» **Dataset excerpts**
((

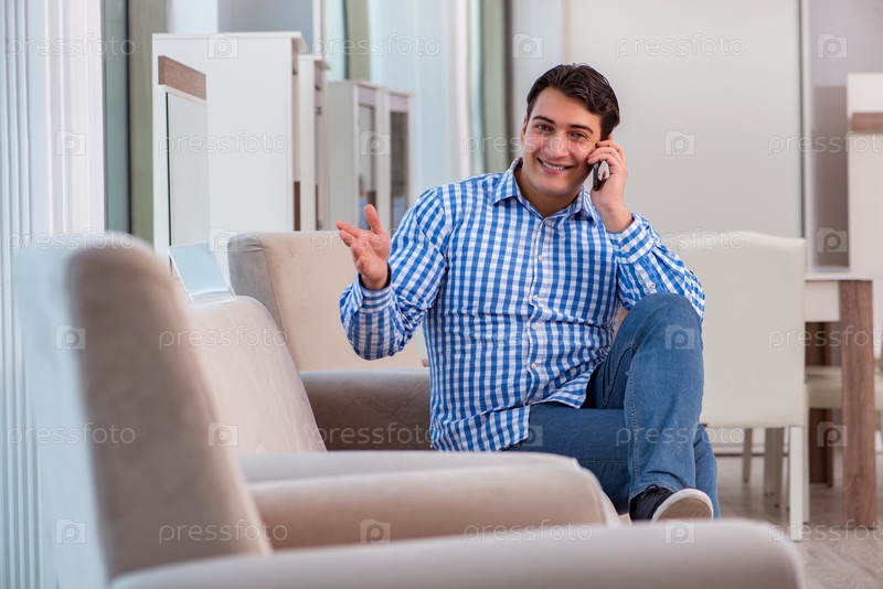 Молодой человек делает покупки в мебельном магазине
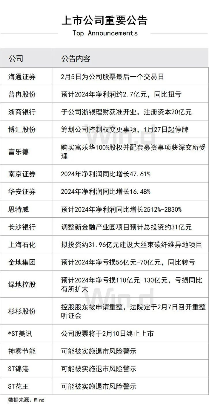 4、机构判断,A股经历1月调整后,2月可能是反弹波段,春季市场或是“有机会的震荡市”。投资布局方面,一季度看好红利、新兴产业技术进步、刺激内需政策链条三大投资主线,产业周期回升、基本面确定性更高的科技和制造也值得关注。
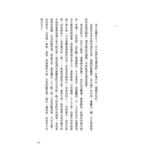 現在是秋天,我佇立眺望,感覺像在照鏡子。色彩由淡轉濃,層層敷設;秋風吹得樹木搖曳,吹彎了一些枝椏,也吹斷了幾根樹枝。今天是很美、很濃豔的一天。大自然似乎也覺察到有什麼事即將落幕,因此凝聚起全身之力,要做最後一次的激湧。不久之後,我窗外的景致就會了無生氣。日光會變為濕濕的灰色,然後是易脆的白。來看我的人——我的幫手、我的出版商、我的經紀人(也是僅有的一個)——會抱怨濕氣太重,溫度太低。抱怨他們必須用麻木的手指刮擋風玻璃之後才能出發,抱怨他們─早晨離家時天色仍暗,晚上回家時仍得摸黑。這些事都與我無關。在我的塵世裡,無論冬夏,都是攝式二十三點二度。在我的塵世裡,只有永晝,沒有黑夜。在這裡,無雨,無雪,無凍僵的手指。在我的塵世裡,唯有一個季節,而我至今仍無以名之。
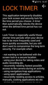 Lock Timer temporarily disables your lock screen and security lock for the time period you choose. A timer then automatically relocks the device when the defined time period has run out.
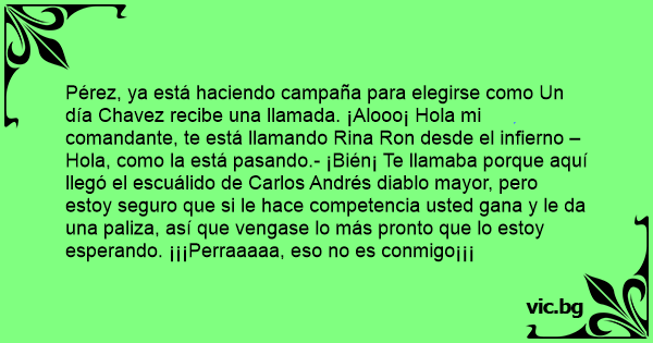 Pérez, ya está haciendo campaña para elegirse como Un día Chavez recibe una llamada. ¡Alooo¡ Hola mi comandante, te está llamando Rina Ron desde el infierno – Hola, como la está pasando.- ¡Bién¡ Te llamaba porque aquí llegó el escuálido de Carlos Andrés diablo mayor, pero estoy seguro que si le hace competencia usted gana y le da una paliza, así que vengase lo más pronto que lo estoy esperando. ¡¡¡Perraaaaa, eso no es conmigo¡¡¡
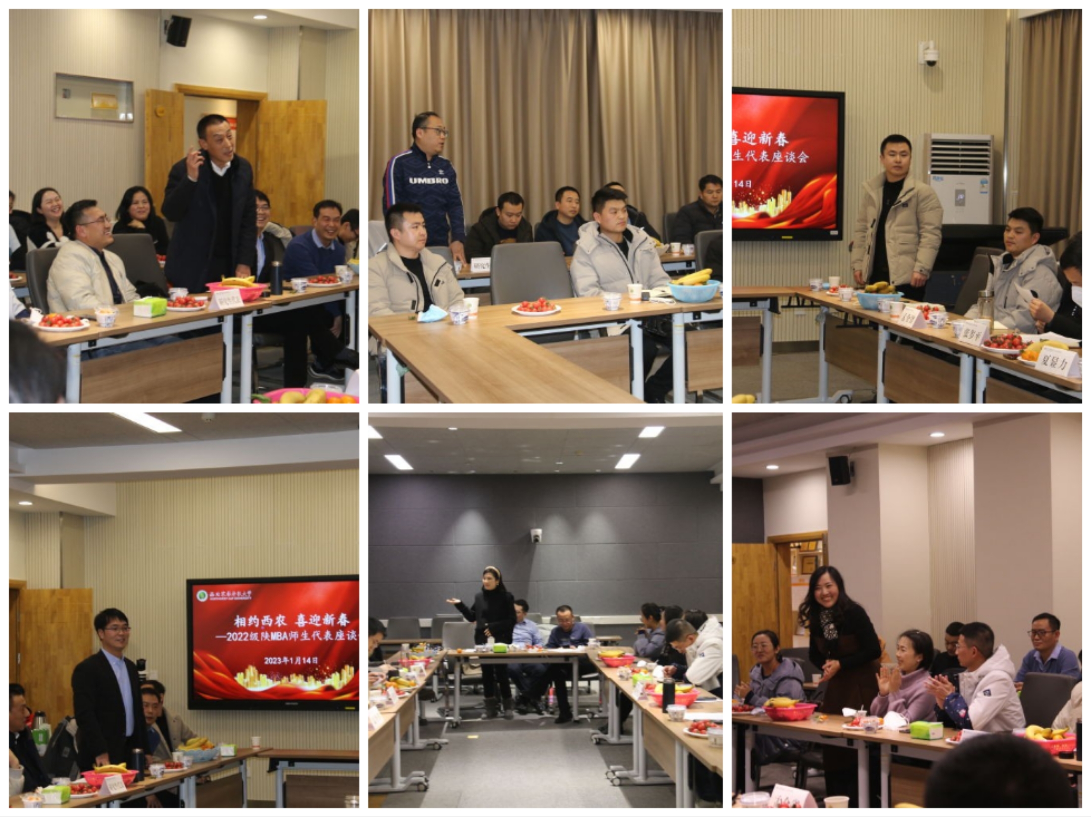 在同学们简短的自我介绍后,活动进入互动交流阶段。同学们就开学以来的上课方式、作业布置、求学感受等,畅所欲言;部分同学还就西农商圈、校友平台等提出好的建议和意见。老师们认真记录、积极回应;对于不同背景的同学提出的不同层次的需求与建议,与会老师一一作了细致的解答,使同学们更好地了解西农陕MBA项目的定位与课程设置情况,大家对未来的规划也更加清晰。会场无论哪位同学或老师发言,大家都会认真聆听,并时不时送去欢快的掌声。两个多小时的座谈,始终洋溢着欢乐的氛围。
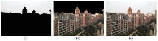 Non-sky region segmentation and enhancement process. (a) Inverted binary mask, (b) segmented non-sky region from the DCP restored image, (c) restored non-sky region after gamma correction.
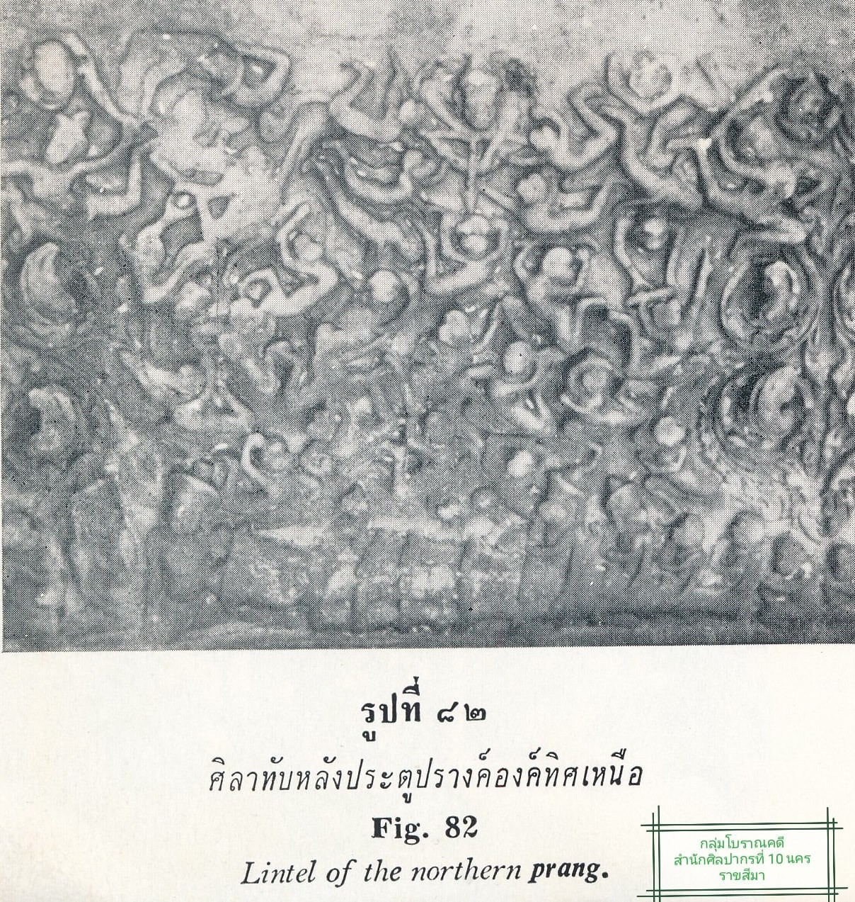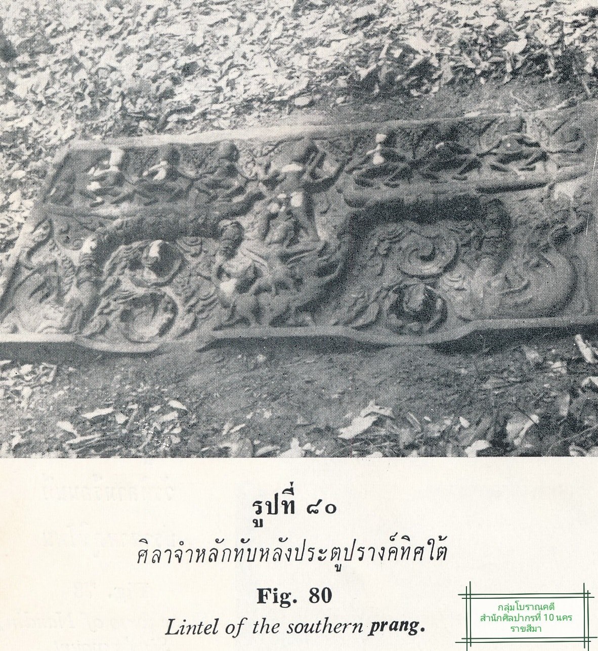 2. #ทับหลังปราสาทด้านทิศเหนือ วัสดุหินทราย สลักภาพเล่าเรื่อง "รามายนะ ตอน พระราม พระลักษณ์ถูกศรนาคบาศ" โดยพระราม และพระลักษมณ์อยู่ในท่านอนถูกรัดด้วยนาคบาศ แวดล้อมด้วยเหล่าวานร โดยฝูงวานรดังกล่าวแสดงความเคลื่อนไหวและแสดงอาการเสียใจอย่างเห็นได้ชัด ตอนบนของภาพสลักภาพบุคคลหรือเทวาดาเหาะ ตรงกลางสลักรูปบุคคลถือคันธนู สันนิษฐานว่า เป็นอินทรชิต เนื่องจากในเรื่องอินทรชิตเป็นผู้ยิงศรนาคบาศใส่พระราม พระลักษมณ์ ปัจจุบันเก็บรักษา ณ พิพิธภัณฑสถานแห่งชาติพิมาย จังหวัดนครราชสีมา

))

» **Work instruction**
Omit the pictures and restate the rest of the records verbatim.

» **Response area**
 Молодой человек делает покупки в мебельном магазине
 4、机构判断,A股经历1月调整后,2月可能是反弹波段,春季市场或是“有机会的震荡市”。投资布局方面,一季度看好红利、新兴产业技术进步、刺激内需政策链条三大投资主线,产业周期回升、基本面确定性更高的科技和制造也值得关注。
 現在是秋天,我佇立眺望,感覺像在照鏡子。色彩由淡轉濃,層層敷設;秋風吹得樹木搖曳,吹彎了一些枝椏,也吹斷了幾根樹枝。今天是很美、很濃豔的一天。大自然似乎也覺察到有什麼事即將落幕,因此凝聚起全身之力,要做最後一次的激湧。不久之後,我窗外的景致就會了無生氣。日光會變為濕濕的灰色,然後是易脆的白。來看我的人——我的幫手、我的出版商、我的經紀人(也是僅有的一個)——會抱怨濕氣太重,溫度太低。抱怨他們必須用麻木的手指刮擋風玻璃之後才能出發,抱怨他們─早晨離家時天色仍暗,晚上回家時仍得摸黑。這些事都與我無關。在我的塵世裡,無論冬夏,都是攝式二十三點二度。在我的塵世裡,只有永晝,沒有黑夜。在這裡,無雨,無雪,無凍僵的手指。在我的塵世裡,唯有一個季節,而我至今仍無以名之。
 Lock Timer temporarily disables your lock screen and security lock for the time period you choose. A timer then automatically relocks the device when the defined time period has run out.
 Pérez, ya está haciendo campaña para elegirse como Un día Chavez recibe una llamada. ¡Alooo¡ Hola mi comandante, te está llamando Rina Ron desde el infierno – Hola, como la está pasando.- ¡Bién¡ Te llamaba porque aquí llegó el escuálido de Carlos Andrés diablo mayor, pero estoy seguro que si le hace competencia usted gana y le da una paliza, así que vengase lo más pronto que lo estoy esperando. ¡¡¡Perraaaaa, eso no es conmigo¡¡¡
 在同学们简短的自我介绍后,活动进入互动交流阶段。同学们就开学以来的上课方式、作业布置、求学感受等,畅所欲言;部分同学还就西农商圈、校友平台等提出好的建议和意见。老师们认真记录、积极回应;对于不同背景的同学提出的不同层次的需求与建议,与会老师一一作了细致的解答,使同学们更好地了解西农陕MBA项目的定位与课程设置情况,大家对未来的规划也更加清晰。会场无论哪位同学或老师发言,大家都会认真聆听,并时不时送去欢快的掌声。两个多小时的座谈,始终洋溢着欢乐的氛围。
 Non-sky region segmentation and enhancement process. (a) Inverted binary mask, (b) segmented non-sky region from the DCP restored image, (c) restored non-sky region after gamma correction.
 2. #ทับหลังปราสาทด้านทิศเหนือ วัสดุหินทราย สลักภาพเล่าเรื่อง "รามายนะ ตอน พระราม พระลักษณ์ถูกศรนาคบาศ" โดยพระราม และพระลักษมณ์อยู่ในท่านอนถูกรัดด้วยนาคบาศ แวดล้อมด้วยเหล่าวานร โดยฝูงวานรดังกล่าวแสดงความเคลื่อนไหวและแสดงอาการเสียใจอย่างเห็นได้ชัด ตอนบนของภาพสลักภาพบุคคลหรือเทวาดาเหาะ ตรงกลางสลักรูปบุคคลถือคันธนู สันนิษฐานว่า เป็นอินทรชิต เนื่องจากในเรื่องอินทรชิตเป็นผู้ยิงศรนาคบาศใส่พระราม พระลักษมณ์ ปัจจุบันเก็บรักษา ณ พิพิธภัณฑสถานแห่งชาติพิมาย จังหวัดนครราชสีมา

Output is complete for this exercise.